Set every entry down again, unchanged, picture-free.

+ + + + + + +

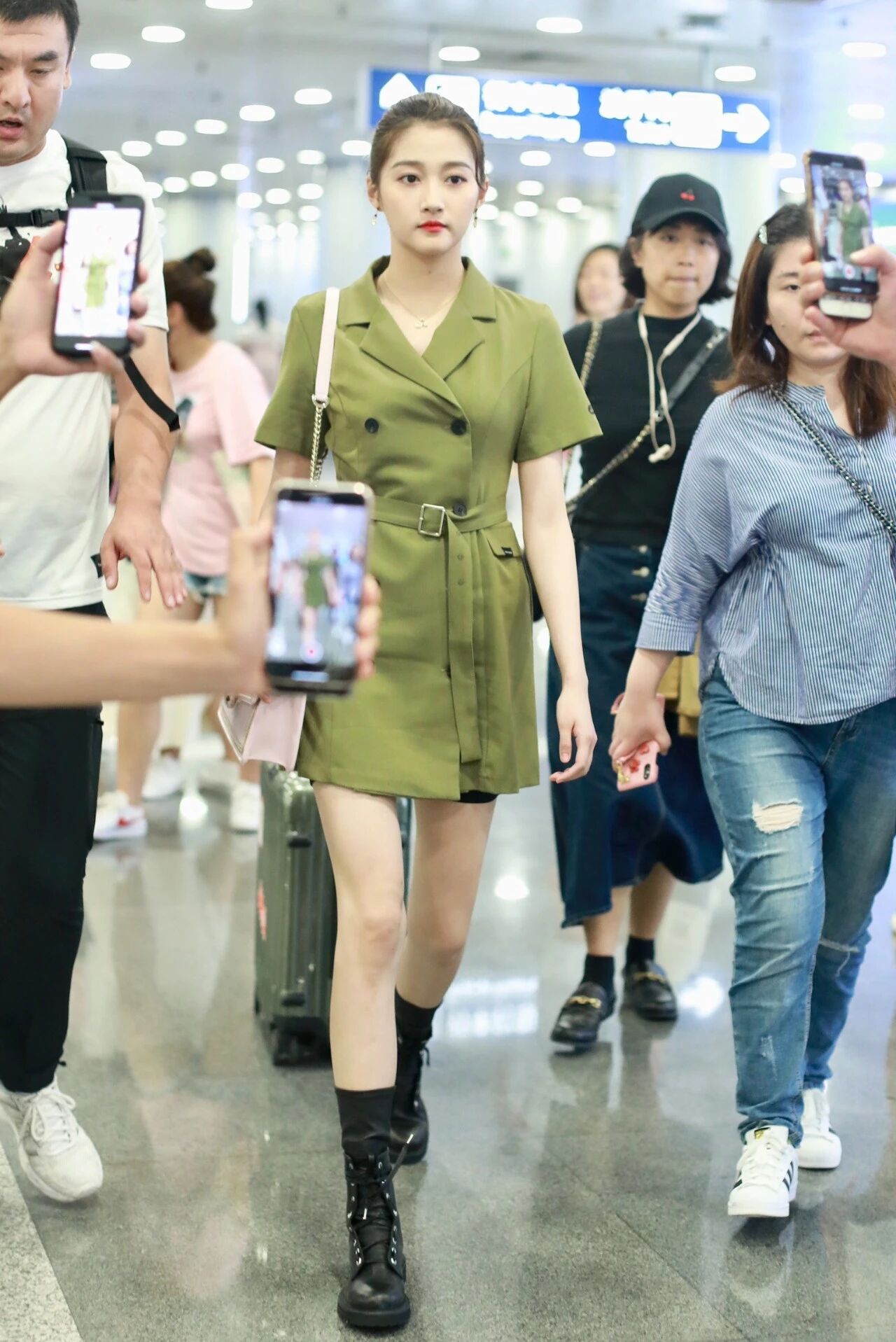 关晓彤的绿色风衣式连衣裙,虽然色彩清新,但是因为包包的搭配还是有些“成熟”。晓彤很巧妙的用马丁靴将整体的感觉又变得活泼了起来。
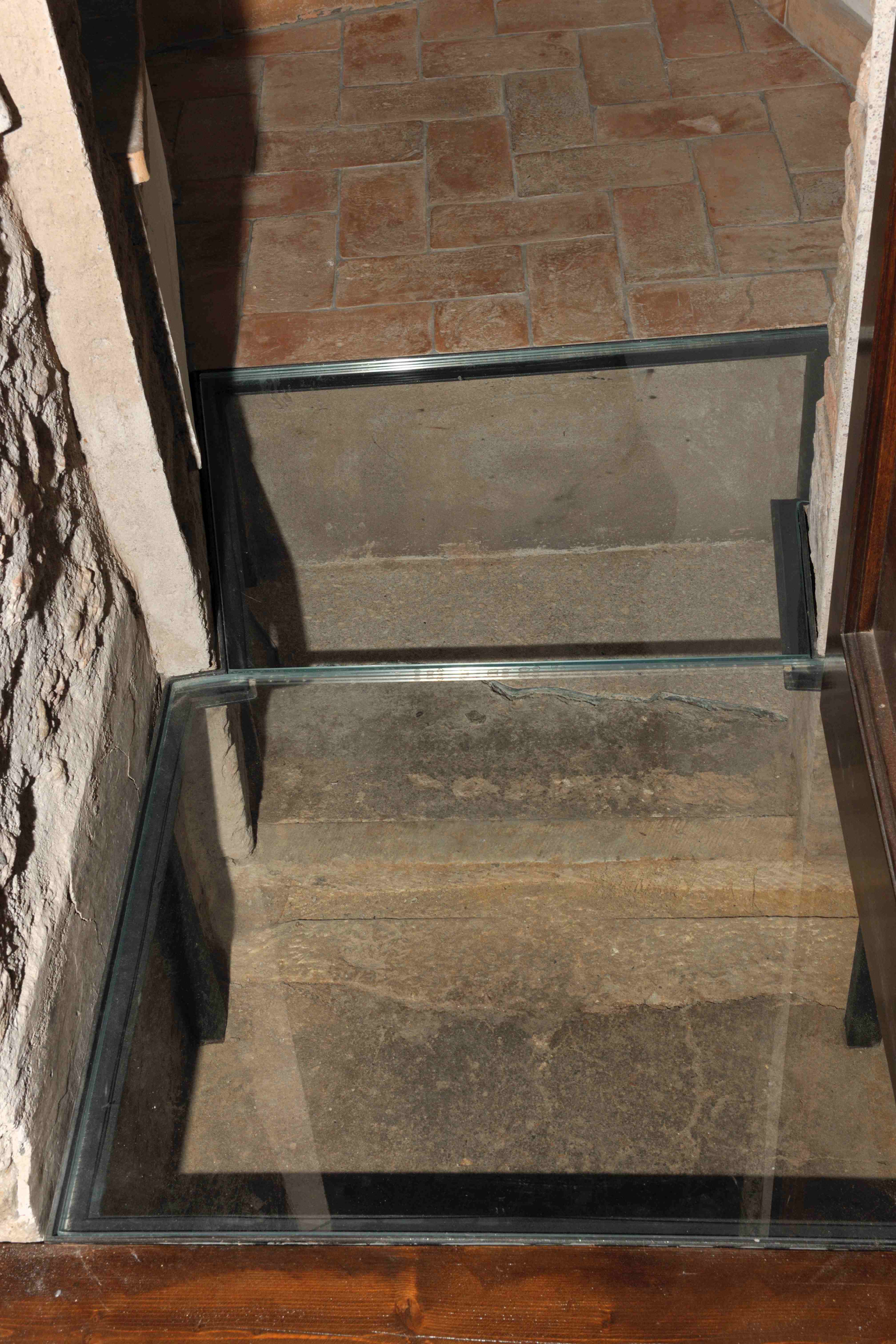 Lungo il lato esterno sud-est della torre, poiché il giardino presenta una quota superiore al piano di calpestio della cappella, è stato infine effettuato uno scavo archeologico per permettere l’esecuzione di un vespaio aerato a difesa dall’umidità della parte seminterrata. L’efficacia di tale espediente è stata garantita dal collegamento al sistema di pavimentazioni aerate già realizzato a protezione dall’umidità delle murature degli ambienti adiacenti, favorendo la circolazione dell’aria.
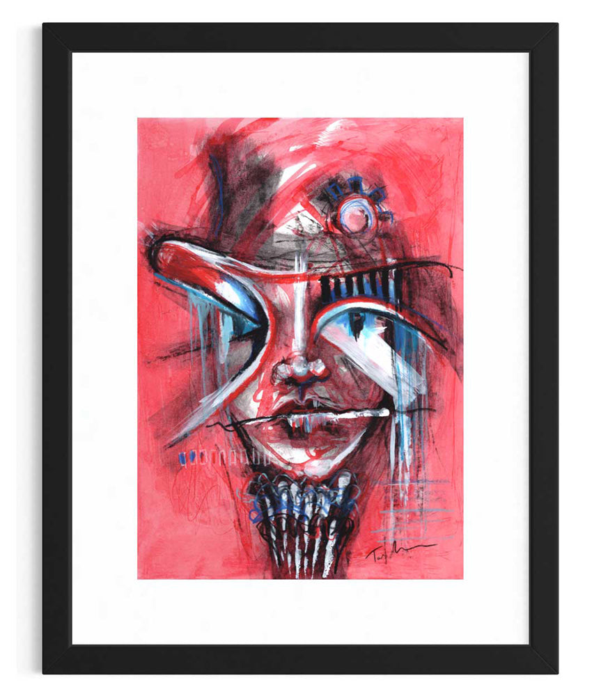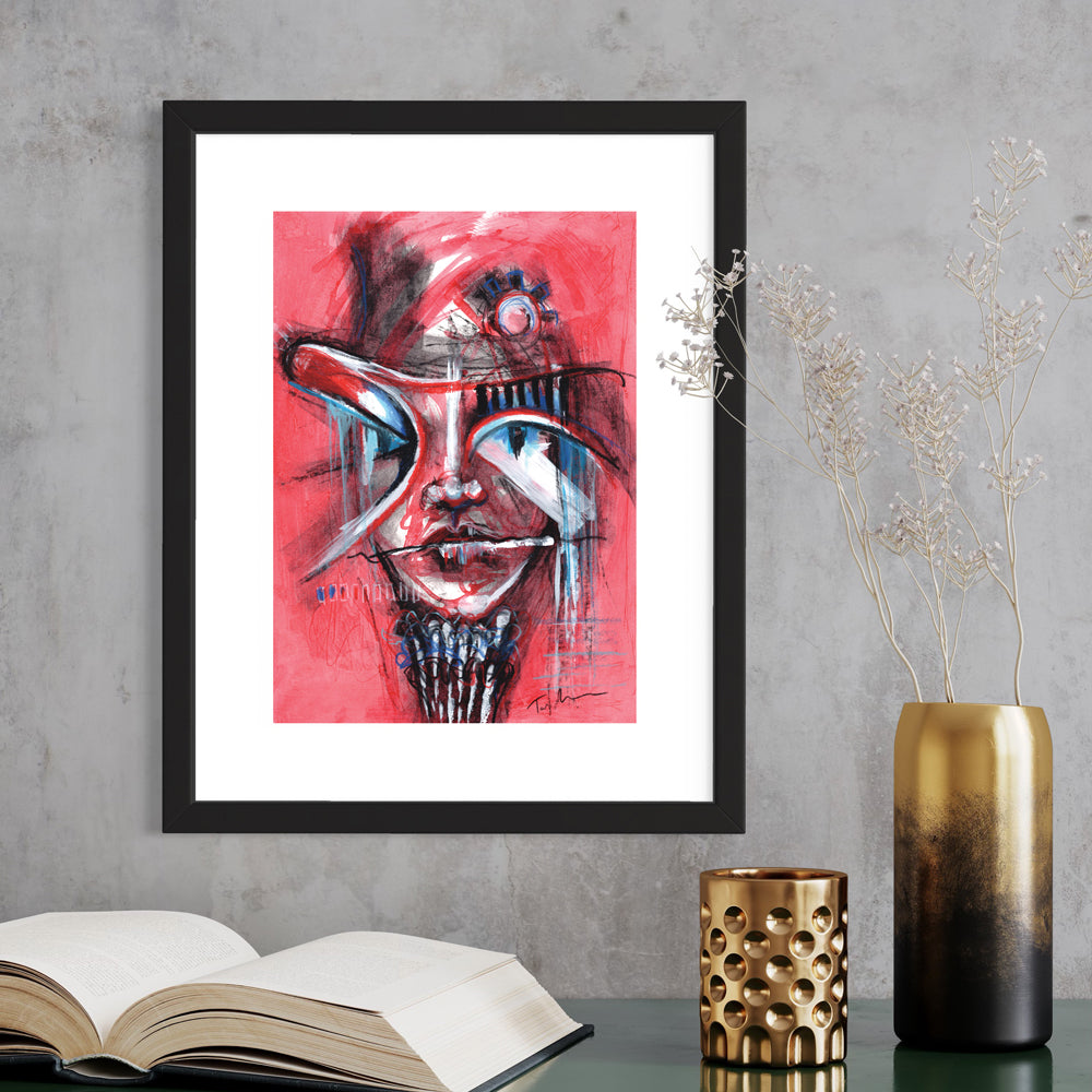 An art print based on an original hand-painted mixed media abstract face painting created by Tara Roskell.
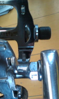 | ペダルそのものを見ていると実に造りが単純である。鉄板とアルミ板の組み合わせ。一度カンパを使い始めるとその幼稚さには見向きもしなくなった。回転部のスムーズさ、転倒してもガタ一つこないその造りに心酔した。今になって言うが、リオタードのアルミラットトラップペダルを昔、一時期、ツーリング車に使っていた事がある。ところがそのカシメ強度の弱さ、ちょっとぶつけただけでプレートが片側外れてしまった。本体のバレル部分も手で回るようになった。結局、すぐに元の鉄のラットトラップに戻してしまった。まあ、カンパと比べて当時でも価格差は4倍以上あったのだから仕方がないと言えばそれまでなのだが、リオタードの印象はあまり自分にとってはよくなかった。 | |
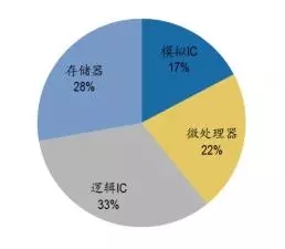 從進(jìn)口集成電路產(chǎn)品的類別來看,微處理器/控制器進(jìn)口額位列榜首,2014年價(jià)值高達(dá)1052.2億美元,占比48.33%;接著是半導(dǎo)體存儲器,2014年價(jià)值達(dá)542.8億美元,占比24.93%,之后是放大器,占比4.13%。

+ + + + + + +

RESULT FOR THIS EXERCISE
 关晓彤的绿色风衣式连衣裙,虽然色彩清新,但是因为包包的搭配还是有些“成熟”。晓彤很巧妙的用马丁靴将整体的感觉又变得活泼了起来。
 Lungo il lato esterno sud-est della torre, poiché il giardino presenta una quota superiore al piano di calpestio della cappella, è stato infine effettuato uno scavo archeologico per permettere l’esecuzione di un vespaio aerato a difesa dall’umidità della parte seminterrata. L’efficacia di tale espediente è stata garantita dal collegamento al sistema di pavimentazioni aerate già realizzato a protezione dall’umidità delle murature degli ambienti adiacenti, favorendo la circolazione dell’aria.
 An art print based on an original hand-painted mixed media abstract face painting created by Tara Roskell.
 | ペダルそのものを見ていると実に造りが単純である。鉄板とアルミ板の組み合わせ。一度カンパを使い始めるとその幼稚さには見向きもしなくなった。回転部のスムーズさ、転倒してもガタ一つこないその造りに心酔した。今になって言うが、リオタードのアルミラットトラップペダルを昔、一時期、ツーリング車に使っていた事がある。ところがそのカシメ強度の弱さ、ちょっとぶつけただけでプレートが片側外れてしまった。本体のバレル部分も手で回るようになった。結局、すぐに元の鉄のラットトラップに戻してしまった。まあ、カンパと比べて当時でも価格差は4倍以上あったのだから仕方がないと言えばそれまでなのだが、リオタードの印象はあまり自分にとってはよくなかった。 | |
 從進(jìn)口集成電路產(chǎn)品的類別來看,微處理器/控制器進(jìn)口額位列榜首,2014年價(jià)值高達(dá)1052.2億美元,占比48.33%;接著是半導(dǎo)體存儲器,2014年價(jià)值達(dá)542.8億美元,占比24.93%,之后是放大器,占比4.13%。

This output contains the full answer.